Jules Barbey d’Aurevilly et Maurice de Guérin se rencontrent en 1827 au collège Stanislas, à Paris. Le premier a dix-neuf ans, le second dix-sept ans. Leurs caractères se complètent. Maurice de Guérin est fragile, d’un tempérament délicat. Barbey d’Aurevilly, plus impulsif, reconnaît cette sensibilité. Pendant les deux années scolaires les menant au baccalauréat en 1829, ils sont inséparables : “j’étais dans la même étude que Guérin ; nous étions compagnons du même pupitre. Au lieu d’écrire nos devoirs et d’apprendre nos leçons, nous nous écrivions des lettres et des vers” (lettre à Trebutien, 15 août 1855). Tous deux découvrent alors Byron. Au début des années 1830, Barbey retourne en Normandie. Il rencontre le libraire de Caen Guillaume-Stanislas Trebutien, qui sera l’un de ses principaux correspondants et l’éditeur futur des Memoranda. Barbey tombe amoureux de Louise du Méril, la femme de son cousin Alfred. Il en sera beaucoup question dans son Journal. Elle représentera à elle seule le contrepoint aux innombrables “catins” qu’énumérera Barbey, ansi qualifiées par dépit de ne pas leur plaire. Ses retours en Normandie, à cette époque, sont nourris de l’espoir de la revoir. Avant la rédaction de son Journal, Barbey a fait quelques pas en littérature, sans avoir jamais être édité : il écrit sa première nouvelle Le Cachet d’Onyx en 1831, puis Léa en 1832, publiée dans l’éphémère Revue de Caen de Trebutien. En 1833, Barbey écrit à Caen, en une nuit, La Bague d’Annibal, poème en prose d’inspiration byronienne écrit pour Louise. En 1833, Barbey d’Aurevilly revient s’installer à Paris. Il retrouve son ami Maurice de Guérin. Ils se voient presque tous les jours : “Travaillé, puis fait coiffer, puis causé avec mon visiteur quotidien et bien venu G[uérin]. Dit… quoi ? des riens. Mais avec les esprits qui nous plaisent, les riens ne sont plus rien” (p. 55). Barbey note, à propos de Guérin : “maintenant, on nous couvrirait du même manteau, tant nous sommes rapprochés” (p. 119). Durant cette seconde moitié des années 1830, jusqu’à la mort soudaine de Guérin en 1839 (soit la période que recouvre le premier Memorandum), leur amitié est au summum.

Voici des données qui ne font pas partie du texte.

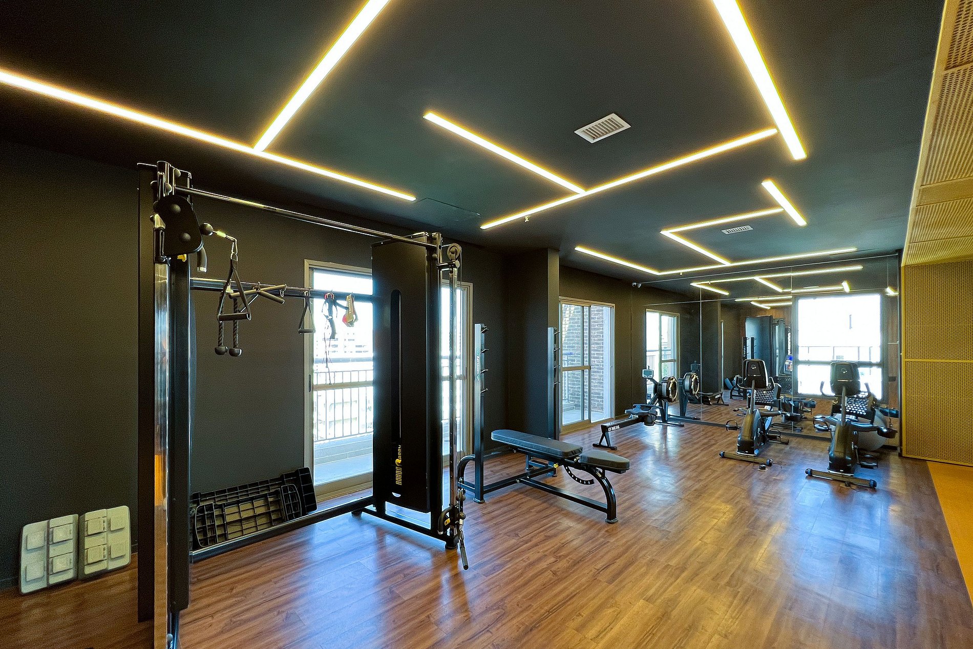 - Academia moderna com equipamentos de ginástica.
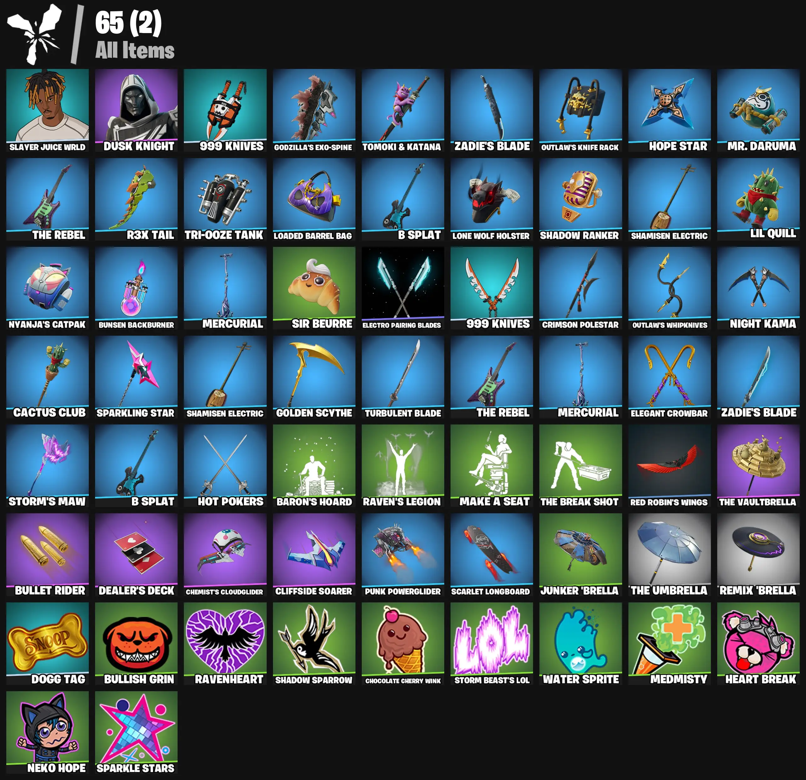 [PC/PSN/XBOX] 2 skins | Slayer Juice WRLD | Blitz Knight | 999 Knives | Godzilla's Exo-Spine | Tomoki & Katana | Zadie's Blade | Outlaw's Knife Rack | 500 VB
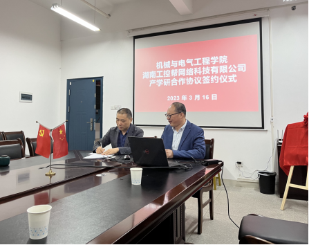 3月16日,湖南工控帮网络科技有限公司董事长余德泉、校企合作项目部经理左佩辉等领导到访江南在线,双方对校企合作、产教融合共同培养智能制造领域的高端人才达成共识,正式与江南在线机械与电气工程学院签署校企合作协议。双方将共同就智能制造人才培养、智能制造产业实训室、师资力量培养、科研与技能竞赛等方面展开合作,着重提升学校智能制造相关专业的教学水平和人才培养质量,为湖南“三高四新”及周边省份智能制造产业的发展提供持续的人才支持。
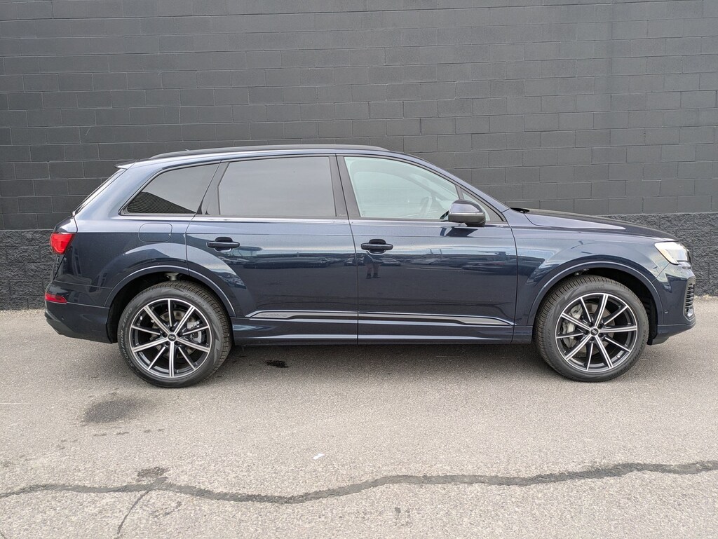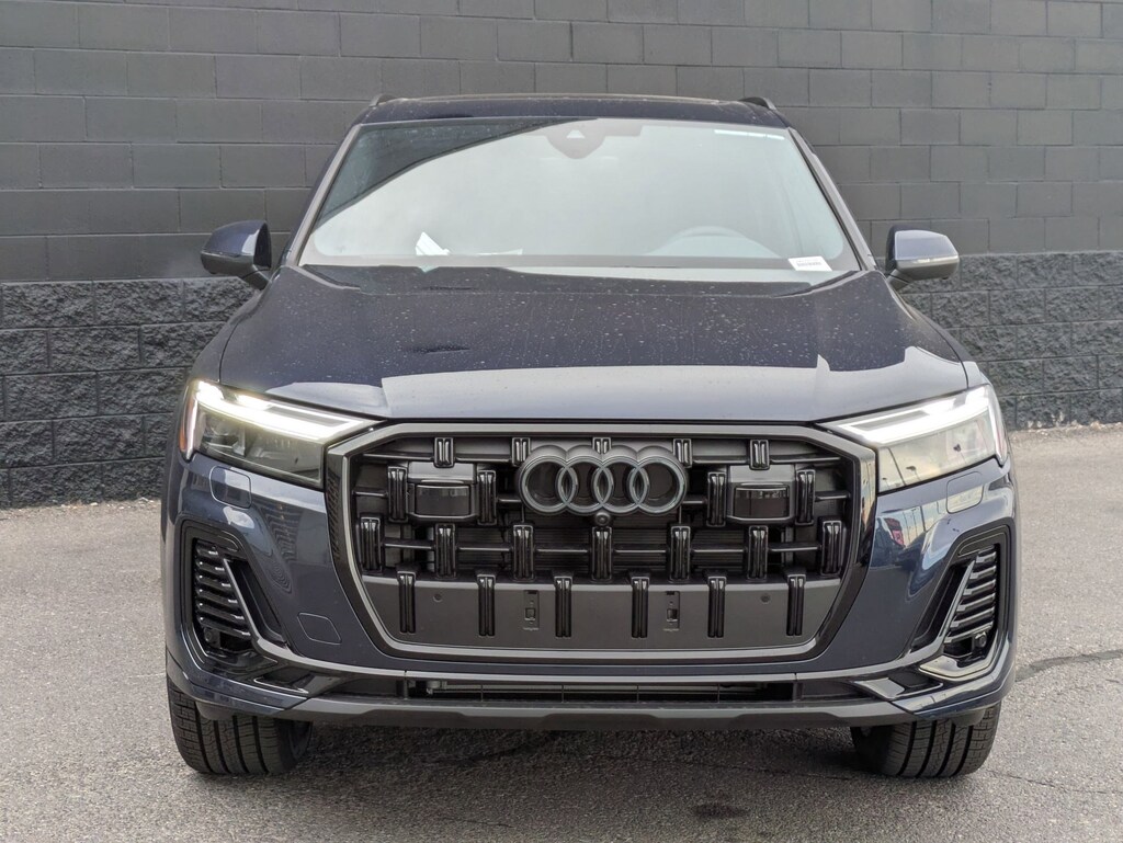 Waitomo Blue Metallic 2025 Audi Q7 45 Premium Plus quattro quattro 8-Speed Automatic with Tiptronic 2.0L 4-Cylinder TFSI 10 Speakers, 3rd row seats, 4-Wheel Disc Brakes, ABS brakes, Air Conditioning, Alloy wheels, AM/FM radio: SiriusXM w/360L, Auto High-beam Headlights, Auto-dimming door mirrors, Auto-dimming Rear-View mirror, Automatic temperature control, Brake assist, Bumpers: body-color, Compass, Delay-off headlights, Driver door bin, Driver vanity mirror, Dual front impact airbags, Dual front side impact airbags, Electronic Stability Control, Emergency communication system: Audi connect CARE, Exterior Parking Camera Rear, Four wheel independent suspension, Front anti-roll bar, Front Bucket Seats, Front Center Armrest, Front dual zone A/C, Front fog lights, Front reading lights, Fully automatic headlights, Garage door transmitter: HomeLink, Genuine wood door panel insert, Heated door mirrors, Heated Front Bucket Seats, Heated front seats, Illuminated entry, Leather Seating Surfaces, Leather Shift Knob, Leather steering wheel, Low tire pressure warning, Memory seat, Navigation system: Audi MMI Navigation plus with Touch Response, Occupant sensing airbag, Outside temperature display, Overhead airbag, Overhead console, Panic alarm, Passenger door bin, Passenger vanity mirror, Power door mirrors, Power driver seat, Power Liftgate, Power moonroof: Panoramic, Power passenger seat, Power steering, Power windows, Radio data system, Radio: Audi Sound System, Rain sensing wipers, Rear air conditioning, Rear anti-roll bar, Rear fog lights, Rear reading lights, Rear seat center armrest, Rear side impact airbag, Rear window defroster, Rear window wiper, Reclining 3rd row seat, Remote keyless entry, Security system, Speed control, Speed-sensing steering, Split folding rear seat, Spoiler, Steering wheel memory, Steering wheel mounted audio controls, Tachometer, Telescoping steering wheel, Tilt steering wheel, Traction control, Trip computer, Turn signal indicator mirrors, Variably intermittent wipers, Wheels: 19 5-Arm-Star Design.20/26 City/Highway MPGAdvertised Prices do not include any dealer installed options and advertised prices exclude leases.

Barbey confie dans une lettre à Trebutien : “Cet homme s’enfonce en moi de plus en plus et s’y incruste jusqu’au coeur” (lettre du 2 septembre 1835).
Barbey d’Aurevilly commence son Journal ou Memorandum en août 1836. Il remet son Memorandum à Maurice de Guérin en 1838, lequel inscrit, de sa main, le titre Strange Book sur la première garde du manuscrit.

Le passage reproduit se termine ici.